Il prolungamento della vita e le elevate aspettative dei cittadini, dei malati e degli operatori sanitari pongono con urgenza il tema della valorizzazione dell’innovazione terapeutica e farmacologica e quello della effettiva disponibilità dei nuovi farmaci per i pazienti che ne hanno bisogno. Ma gli ostacoli sono molteplici. E se la crisi economica non aiuta, a frenare Ricerca e Sviluppo sono anche problematiche di natura politica, dall’inadeguata tutela del brevetto ai ritardi di immissione dei nuovi farmaci sul mercato e nei prontuari regionali, per fare un esempio. Per invertire la rotta, il Forum per la Ricerca Biomedica, insieme al Censis, ha realizzato un documento che illustra le criticità più importanti legata alla produzione dei farmaci, ma avanza anche alcune proposte per risolverle rivedendo, ad esempio, il ruolo dei soggetti coinvolti nelle diverse fasi del processo, le piste di lavoro prioritarie per la ricerca di base e per quella applicata, i processi regolatori, le modalità di remunerazione dell’innovazione in fase di immissione sul mercato, l’accesso da parte dei pazienti alle terapie innovative.

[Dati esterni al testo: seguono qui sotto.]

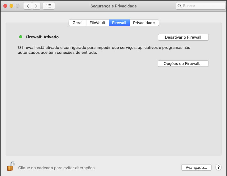 3. Firewall: Proteja as entradas de conexões do seu Mac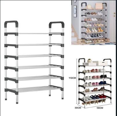 Organize your footwear in style with our 6-Tier Metallic Shoe Rack. This sturdy and space-efficient rack provides a sleek solution for keeping your shoes neatly arranged and easily accessible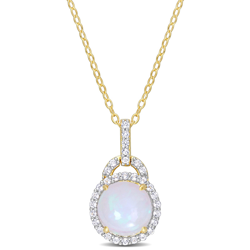 Accessorize flawlessly with this elegant Ethiopian Blue Opal and White Topaz Halo Pendant. Crafted in lustrous yellow plated sterling silver, this stunning pendant features a round-cut, prong-set Ethiopian blue opal gemstone (9x9mm) at the center, beautifully encased by 31 created white topaz (1.3x1.3mm) gemstones in a halo design. Polished brilliantly, the splendid pendant is suspended on an 18-inch long round cable chain and secured with a spring-ring clasp. Coordinate with a matching ring for a seamless appearance.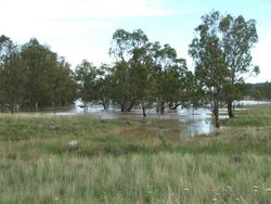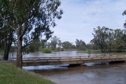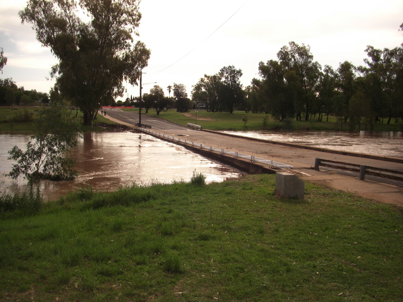 On 28 November 2008 up to 200mm fell around Tamworth and over 100mm was recorded over a fairly large area including Gunnedah. About 50mm had been recorded in Narrabri Shire over the period, however it was the rain upstream which caused the flooding. In Narrabri and Wee Waa any sign of the local rain had dried up by the time the flood was peaking.

La sifda dei farmaci. Imprese in prima linea
Evidente e in crescita è la domanda di cure sempre più efficaci, e di una copertura degli assistiti senza lacune ed eccezioni. Le aspettative nei confronti dei farmaci sono elevate in termini di guarigione, di miglioramento della qualità della vita e di supporto per una convivenza accettabile con la malattia.
In particolare, il 36,7% degli intervistati dal Censis ritiene che la finalità dei farmaci debba essere quella di guarire le malattie, per il 7,4% di sconfiggere le malattie mortali, per il 15,5% prevenire le malattie, per il 19,5% devono dare la possibilità di convivere accettabilmente e a lungo con le malattie croniche, per il 20,9% contribuire al miglioramento della qualità di vita.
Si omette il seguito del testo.